Sometimes I judge people. Not aloud but in my mind I often find myself automatically judging people for the way they speak, dress, wear their hair or make-up, treat their children, etc, etc, etc. I do not think I am better than others, and overall I am quite friendly to all types of people. So why do I judge people?

This past Saturday while shopping for my nephew’s first birthday gift I saw a woman with two children: a girl of about 7 and a toddler boy. The girl was quiet, well mannered and doing her best to mother the toddler who was screaming and having constant tantrums. The mother looked distressed to say the least. She was overweight – now I have gained a few pounds myself, but she was just sloppy and poorly dressed – was not wearing any make-up which she could have used, oily hair, and had a look of pure panic in her eyes. These are all the things I was thinking about her when I first saw her. Our paths crossed several times throughout the store as the boy ran wild, screaming and crying and ran into me more than once. I love children, so this never angered me. I felt sorry for the little boy and just wanted to give him a hug. Admittedly I was already sad and feeling sorry for myself while shopping for my nephew’s gift. I love baby O so much, but I could not block the intense feeling of sadness that reminded me I was not shopping for a child of my own. The child I am unable to conceive. I kept asking myself why isn’t this mother comforting her child?

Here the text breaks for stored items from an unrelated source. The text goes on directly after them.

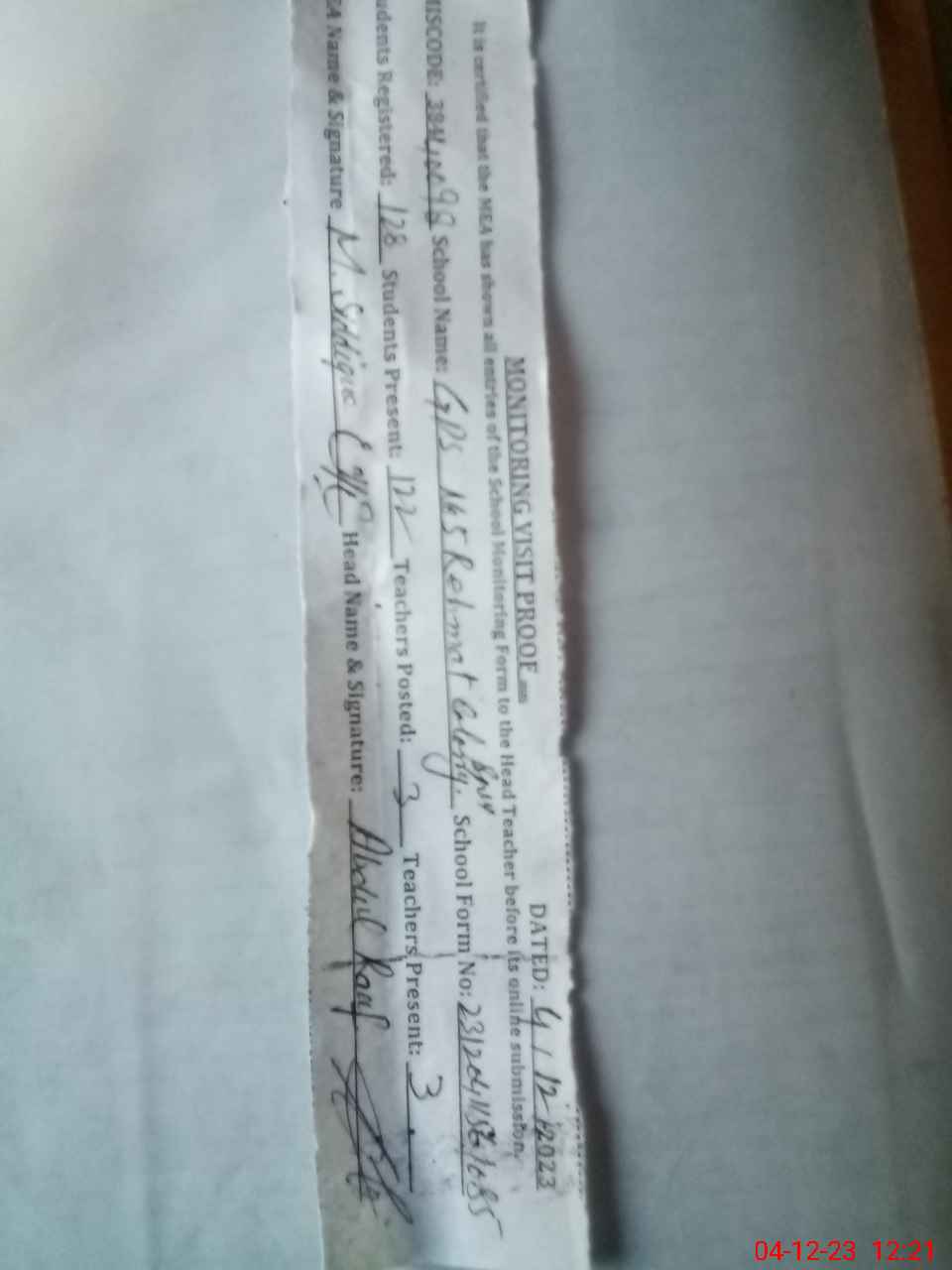 | Attendance Register | Head Teacher | MEA with School | Visit Proof |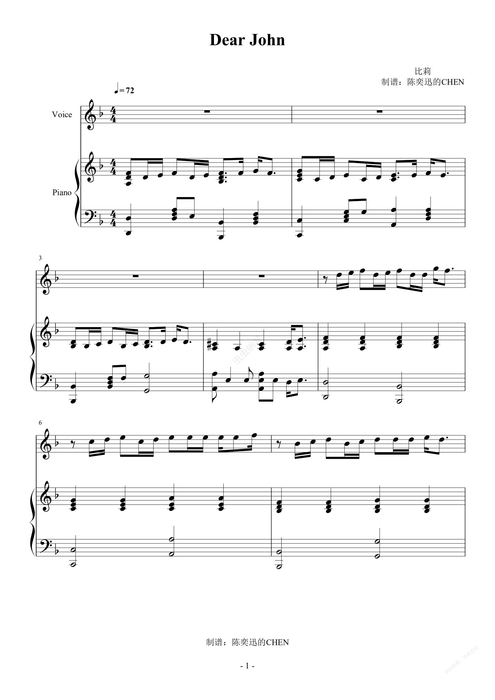 钢琴谱:Dear John 原调完美弹唱谱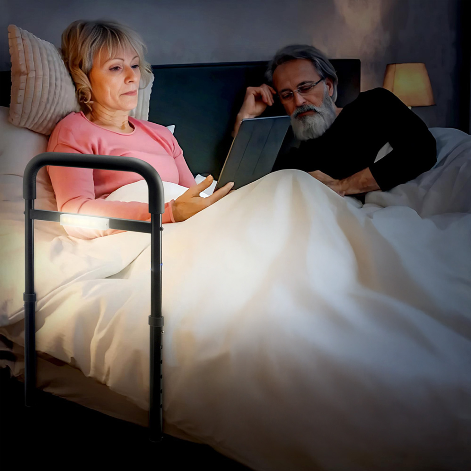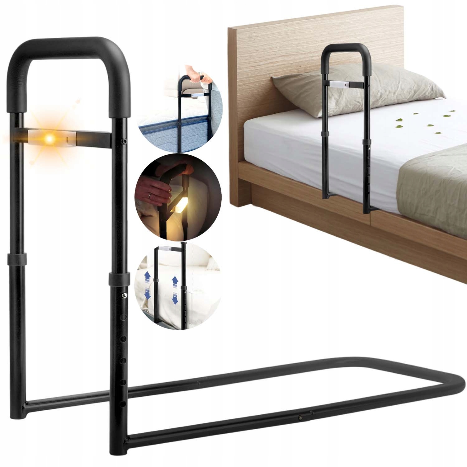🛌🧓 🛌🧓 Строппл, поручники для людей похилого віку, допомога у вході в ліжко, поручники з коригуванням висоти для людей похилого віку, світлодіодним датчиком світла, щоб запобігти падінню вночі, безпеці та стабільності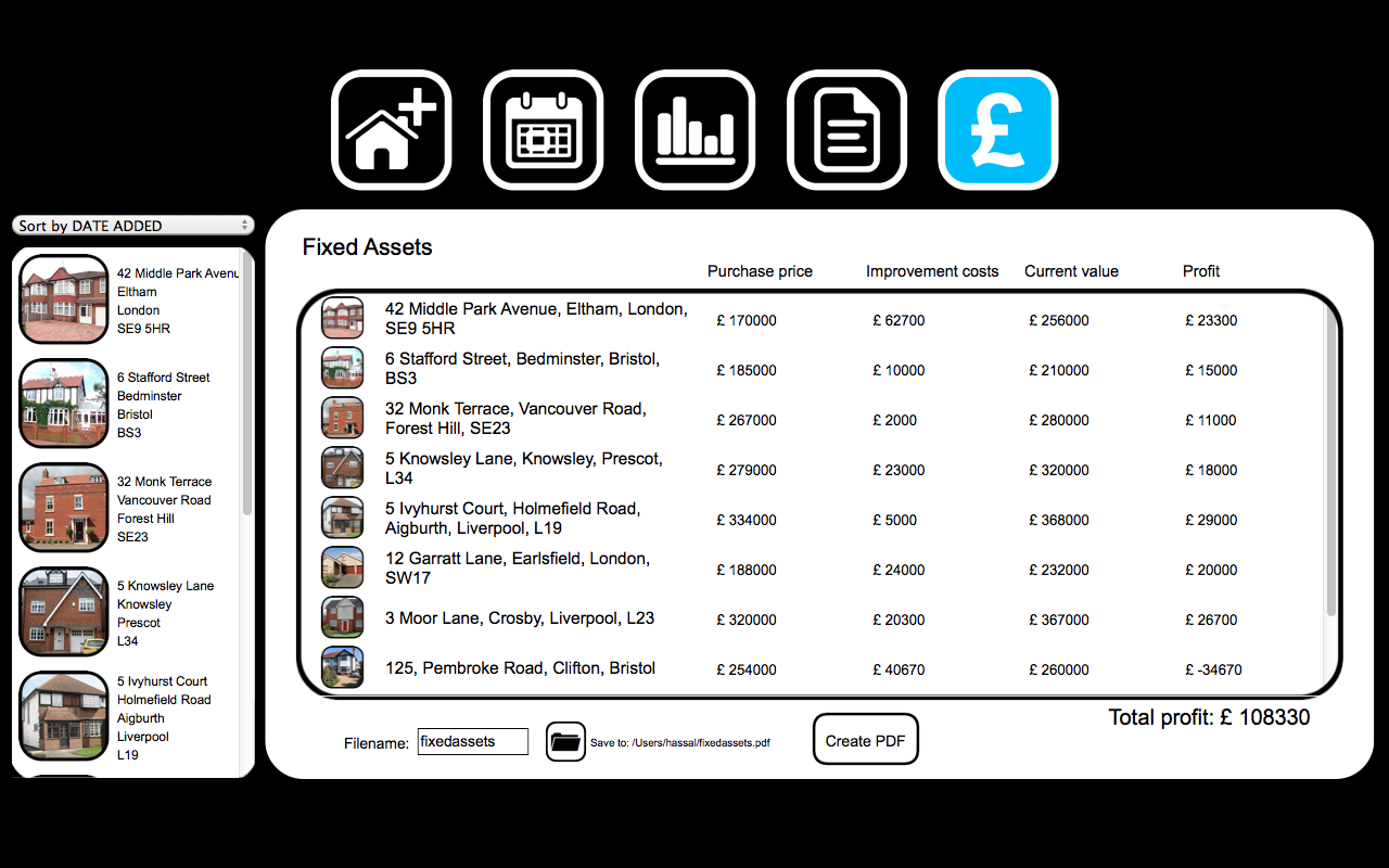 • View a summary of your fixed assets based on the purchase price, improvement costs and current value of each property that you have supplied.

I had just experienced one of the roughest weeks of my life but only a handful of people knew about this. If you looked at me in the store that day, you would think here is a woman who is well dressed, happy, and has her life together. Appearances are so very deceiving. I had not been able to eat for days because I was so sick with stress and had actually lost some weight and looked good in my clothes that day. Astonishing what the right make-up can do to conceal dark circles under the eyes. Add a little mascara, blush, and lip gloss, plaster a smile on my face, and I looked like a new person. The way I looked outside was completely opposite of what was going on inside.

I typically break down and look my worst in private. Staying strong, cheering up others, and never showing weakness is very important to me. No one outside of about three people ever asks me if I am okay because I appear to be strong. If you could peel back the layers, I would look worse on the inside than that poor mother did on the outside. Who am I to judge? I was jealous of that woman who did not have it together because she has something God is not ready for me to have.

I went to church the next day, and the priest could not have given a more powerful message for me. I sat there crying silently with tears running down my face. Even as my husband asked if I was okay and tried to comfort me, I held my breath to stop the tears and keep it together. Sometimes it is okay to not be okay.